◆ TASK
Please repeat exactly the lines below from the line with "в магазине продаются" to the line with "ALPS按动开关SPEH系列", including both, and leave out every picture.

------ PROVIDED MATERIAL ------

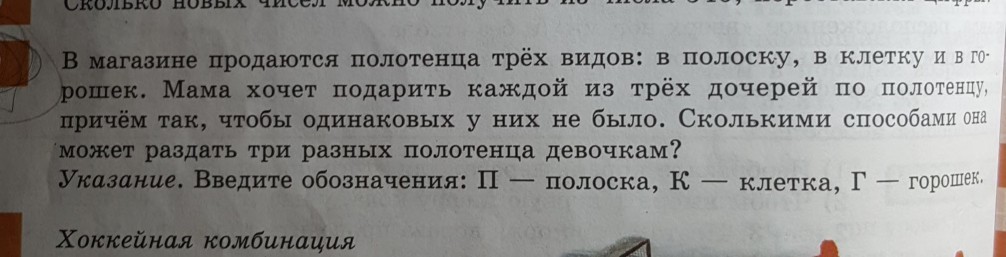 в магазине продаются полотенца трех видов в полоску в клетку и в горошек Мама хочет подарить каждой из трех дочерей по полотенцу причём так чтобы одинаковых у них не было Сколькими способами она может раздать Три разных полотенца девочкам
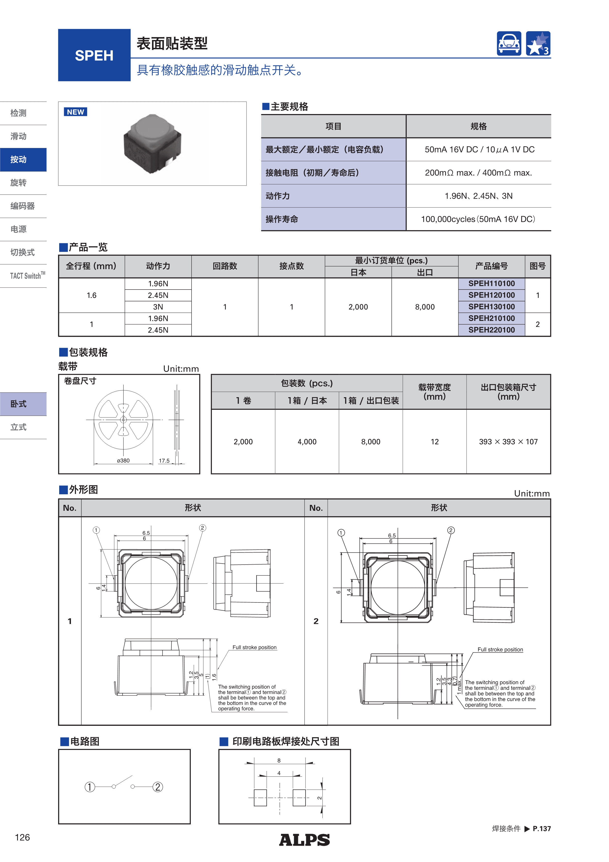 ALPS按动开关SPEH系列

------
------ PROVIDED MATERIAL ------

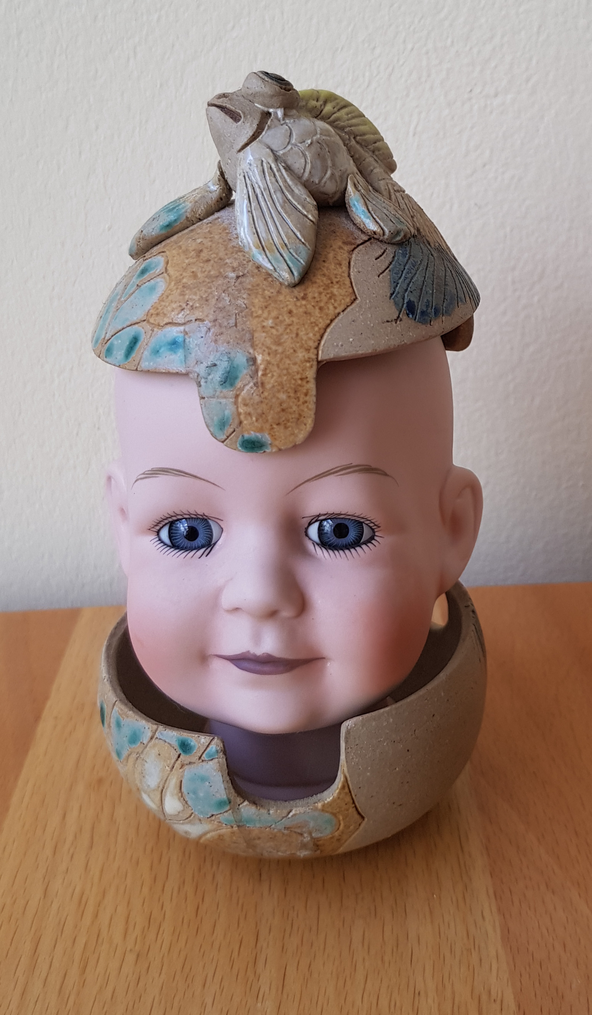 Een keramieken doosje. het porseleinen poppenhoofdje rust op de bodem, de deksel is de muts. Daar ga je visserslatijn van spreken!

------

◆ WORKED SOLUTION
 в магазине продаются полотенца трех видов в полоску в клетку и в горошек Мама хочет подарить каждой из трех дочерей по полотенцу причём так чтобы одинаковых у них не было Сколькими способами она может раздать Три разных полотенца девочкам
 ALPS按动开关SPEH系列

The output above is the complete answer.